==== Material provided ====
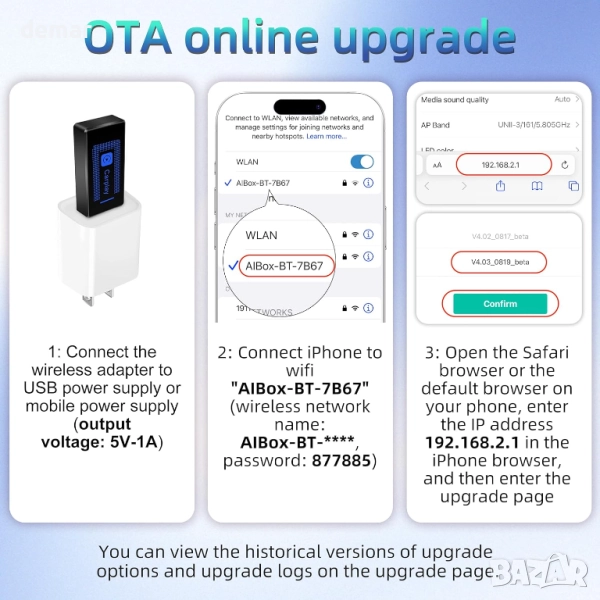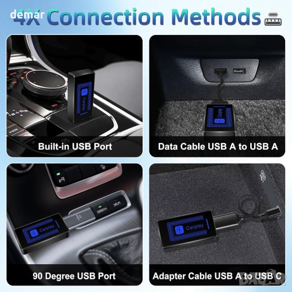 Безжичен CarPlay адаптер (2025) за iPhone - Plug & Play USB конвертор, автомобили 2016+ и iOS 10+
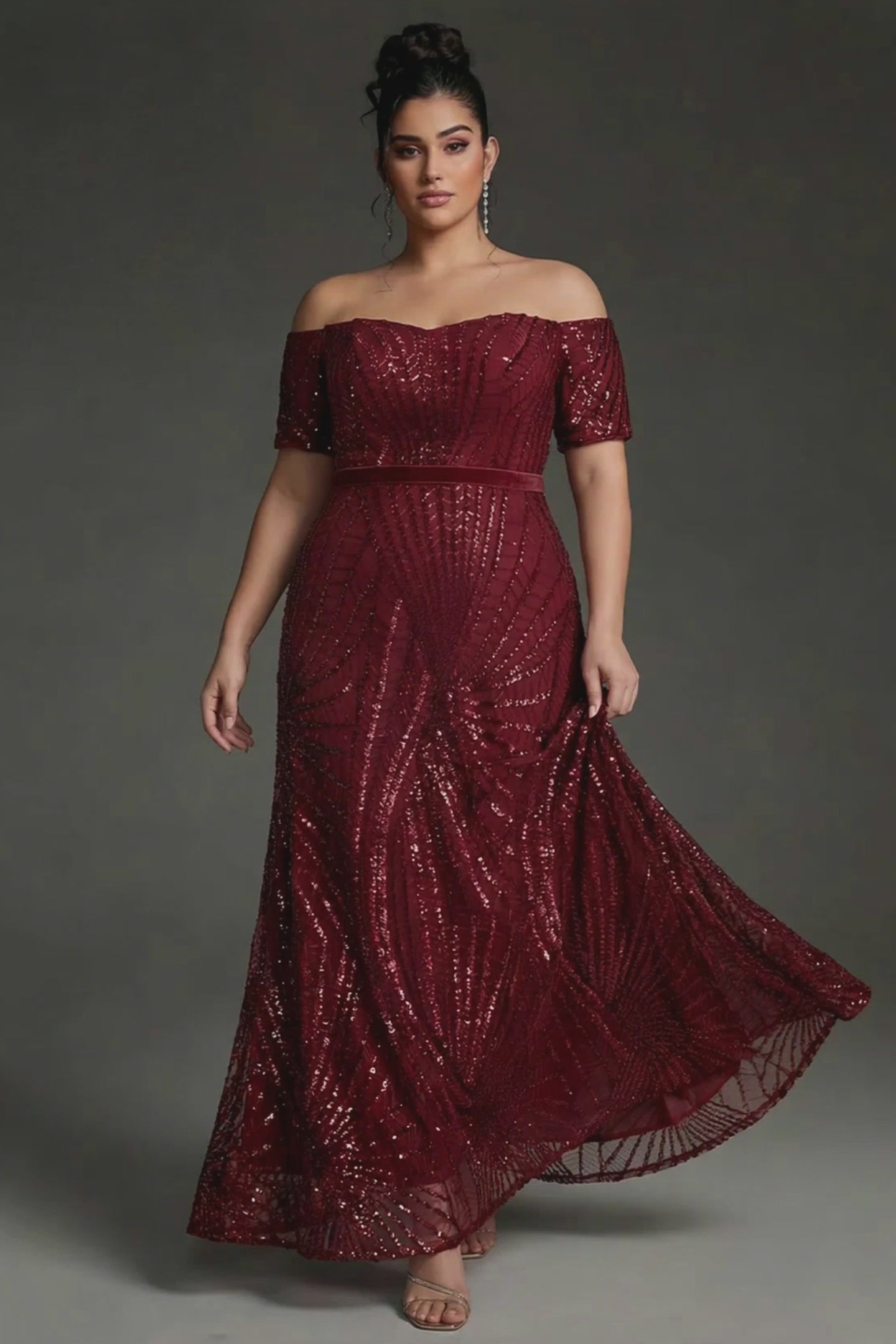 Turn heads in this plus size off-shoulder maxi dress, featuring shimmering striped sequins and a flattering waist-cinched design. The elegant neckline and figure-enhancing silhouette make it perfect for evening parties, weddings, or any glamorous occasion. Celebrate your curves with a dress that combines sparkle, sophistication, and timeless allure.
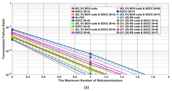 As the value of the SOCC increases, the transmission failure ratio and the average number of retransmissions improve because the error-correcting capability increases with decreasing . On the other hand, the energy efficiency decreases because the number of redundant bits in the is PPDU increased. Taking LD links as an example, it is necessary to set the maximum number of retransmissions to eight when error-correcting code is not applied, while the maximum number of retransmissions should be 4 when is 1/4, and that should be two when is 1/32 to achieve the transmission failure ratio of . On the other hand, the energy efficiencies are approximately 145, 85, and 20 information bits per when error correcting code is not applied, is 1/4, and is 1/32, respectively, under the above conditions. In a comparison of concatenated encoding with a BCH code and an SOCC against concatenated encoding with an RS code and an SOCC, the energy efficiency and average number of retransmissions are almost the same. However, the transmission failure ratio is more greatly improved by concatenated encoding with an RS code and an SOCC than by concatenated encoding with a BCH code and an SOCC because the error-correcting capability in the former case is larger. For example, in case that the link type is LD and = 1/4, the maximum number of retransmissions should be set to three when concatenated with the BCH code to achieve the transmission failure ratio of , while the maximum number of retransmissions may be set to two when concatenated with the RS code.
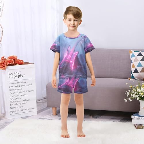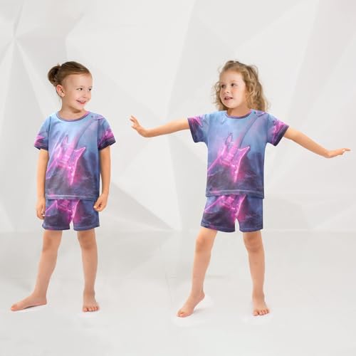 Pajama Sets Short Sleeve Glowing Electric Guitar Artwork Soft Cotton Summer Sleepwear 2 Piece PJS Size 5-14T 6
====
What is being asked —
Word for word, copy every line of the data, excluding any pictures.

Solution —
 Безжичен CarPlay адаптер (2025) за iPhone - Plug & Play USB конвертор, автомобили 2016+ и iOS 10+
 Turn heads in this plus size off-shoulder maxi dress, featuring shimmering striped sequins and a flattering waist-cinched design. The elegant neckline and figure-enhancing silhouette make it perfect for evening parties, weddings, or any glamorous occasion. Celebrate your curves with a dress that combines sparkle, sophistication, and timeless allure.
 As the value of the SOCC increases, the transmission failure ratio and the average number of retransmissions improve because the error-correcting capability increases with decreasing . On the other hand, the energy efficiency decreases because the number of redundant bits in the is PPDU increased. Taking LD links as an example, it is necessary to set the maximum number of retransmissions to eight when error-correcting code is not applied, while the maximum number of retransmissions should be 4 when is 1/4, and that should be two when is 1/32 to achieve the transmission failure ratio of . On the other hand, the energy efficiencies are approximately 145, 85, and 20 information bits per when error correcting code is not applied, is 1/4, and is 1/32, respectively, under the above conditions. In a comparison of concatenated encoding with a BCH code and an SOCC against concatenated encoding with an RS code and an SOCC, the energy efficiency and average number of retransmissions are almost the same. However, the transmission failure ratio is more greatly improved by concatenated encoding with an RS code and an SOCC than by concatenated encoding with a BCH code and an SOCC because the error-correcting capability in the former case is larger. For example, in case that the link type is LD and = 1/4, the maximum number of retransmissions should be set to three when concatenated with the BCH code to achieve the transmission failure ratio of , while the maximum number of retransmissions may be set to two when concatenated with the RS code.
 Pajama Sets Short Sleeve Glowing Electric Guitar Artwork Soft Cotton Summer Sleepwear 2 Piece PJS Size 5-14T 6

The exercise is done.